Equation of circle through three given points.

Question

Yes, there are many methods to find the equation; the easiest being the process of solving the eqn. of circle putting the three points. But what I didn't understand is the another method which my book describes as:

If three points be $A$ , $B$ , $C$ , then write $S$ = equation of circle on $AB$ as diameter. $P$ = equation of line through $A$, $B$ .

The required equation of the circle is $$ S + \lambda . P = 0$$ , where $\lambda$ is found by passing it through the point $C$ .

What did the book do here?? Why should the circle have $AB$ as diameter and how does the equation represent the circle passing through $A , B , C$ ? It chose a circle having $AB$ as diameter.
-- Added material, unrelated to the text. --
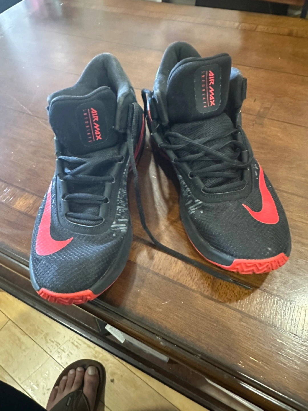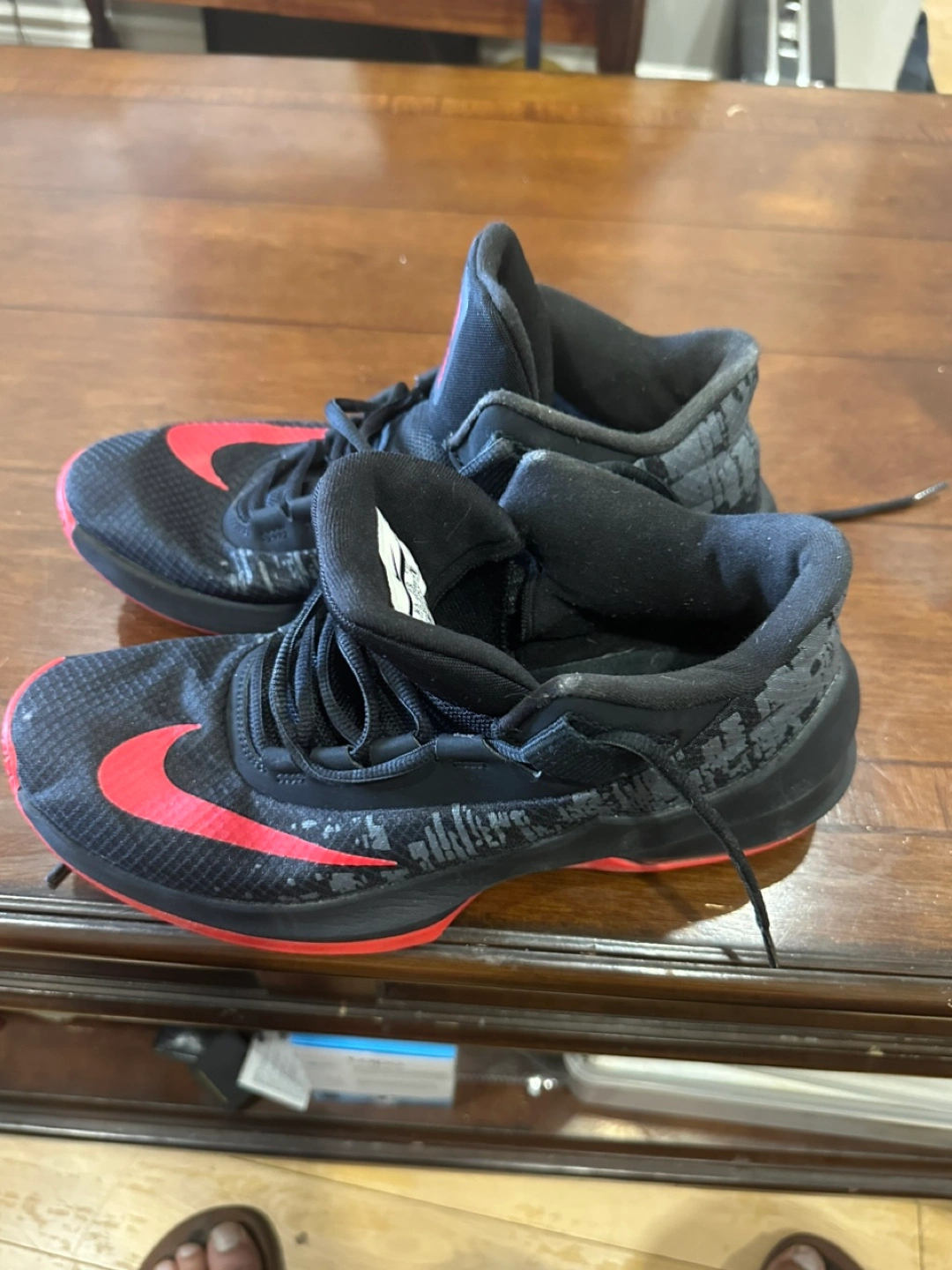 Pre-owned Nike Air Max Effort basketball shoes. Black with red accents. Good condition, some wear. Men's size 7.5.

But the circles passing through these three points can have any diameter. So, why $AB$? How can the equation be the equation of the required circles?

Answer 1

You can see by plugging in the points that this equation is true on the points $A$, $B$, and $C$. By completing the square we can also show that it is the equation for a circle. The method works because there is a unique circle passing through $A$, $B$, and $C$.

Answer 2

How can the equation be the equation of the required circles???

It described the family of circles passing through $A$ and $B$, and then picked the appropriate element from that family.

If you have a point $(X,Y)$ on a circle with center $(x,y)$ and radius $r$, its equation is

$$r^2=(X-x)^2+(Y-y)^2=X^2-2Xx+x^2+Y^2-2Yy+y^2$$

which is of the form $(X^2+Y^2)+aX+bY+c=0$ with $a=-2x,b=-2y,c=x^2+y^2-r^2$. So as long as $4c<a^2+b^2$ you can always turn an equation of this form back into a circle.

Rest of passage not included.